The ghosts of Gadhafi hover over North Korea summit

It’s not every day that a senior North Korean official who has the ear of Kim Jong Un visits Washington to hand a personal letter to the U.S. president. But that is precisely what happened on Friday, June 1, when Vice Chairman Kim Yong Chol (commonly referred to as Kim’s right-hand man) traveled to the White House to deliver a missive from his boss. President Trump, who has treated his June 12 summit preparations as if it were a season finale of the “Apprentice,” was no doubt embracing the event as an historical moment in American diplomacy. And, in a way, it is: the last time the Kim dynasty’s number-two man stepped foot in the White House was 18 years ago, when Vice Marshal Jo Myong Rok had a meeting with President Bill Clinton for the purpose of arranging a possible presidential trip to Pyongyang (Clinton decided to prioritize Israeli-Palestinian peace over North Korean missile talks).

There is no denying that the last week of frenzied diplomacy between Washington and Pyongyang has been impressive. Three separate American teams are engaged in three separate countries with their North Korean colleagues, precisely the type of preparation one would expect from two governments sincerely trying to get their leaders together. But despite all of the meetings, photo-ops, and handshakes that have occurred during this time, the Trump administration would be setting itself up for sadness and disappointment if it failed to keep the moment in perspective.

Warm and cheerful words in Pyongyang’s state media notwithstanding, North Korea is still North Korea — a country surrounded by far bigger and more prosperous neighbors, ruled by a leadership that is extremely paranoid about American intentions. It is because of this paranoia that the Kim regime was motivated to invest so much money and manpower (and sacrifice so much of its economy and social well-being) over a period of decades to attain a nuclear weapons capability.

To put it bluntly: Kim Jong Un, like his father and grandfather before him, is petrified of being invaded, deposed, and killed by the United States.

It is far, far too early to predict whether a groundbreaking denuclearization agreement with the North Koreans is possible. The stars have to perfectly align for a deal like this to happen. The Trump administration’s core position remains maximalist; the only way Pyongyang can enjoy some economic relief and rejoin the community of nations is if Kim makes the strategic decision to strip out its entire nuclear infrastructure. To Kim, however, such a demand is nothing less than a wholesale, radical shift in how the North Korean regime has operated over the previous three decades.

It is such a dramatic shift that economic incentives alone will not be enough to push the North Koreans to denuclearize.
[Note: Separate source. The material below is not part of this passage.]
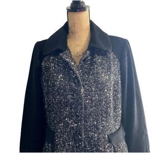 The Limited Tweed Recycled Wool Blend Coat Gray Black Peplum Size Large

Trump cannot buy Kim Jong Un like former President George W. Bush bought Moammar Gadhafi.

A denuclearization agreement with North Korea will depend entirely on whether the United States can persuade the Kim regime that it will be safe, secure, and whole even without a nuclear weapons stockpile. The problem, though, is that this may be an unattainable task for the Trump administration, or any American administration, to accomplish.

There has been a lot of discussion about Gadhafi’s experience in 2003-2004, when the Libyan strongman decided to not only open up his country to American and British inspectors, but allow Washington and London to ship all of his chemical, biological, and nuclear components to Oak Ridge, Tenn., for destruction. For his troubles, Gadhafi was promised an end to the political isolation and sanctions architecture that decimated his economy. Gadhafi would be reintroduced to the world as a legitimate partner and a wise leader who made the right decision.

Upon news of the WMD agreement with the Libyans, Bush delivered a speech that Gadhafi’s cooperation would be rewarded. “As the Libyan government takes these essential steps and demonstrates its seriousness,” Bush promised “its good faith will be returned. Libya can regain a secure and respected place among the nations, and over time, achieve far better relations with the United States.”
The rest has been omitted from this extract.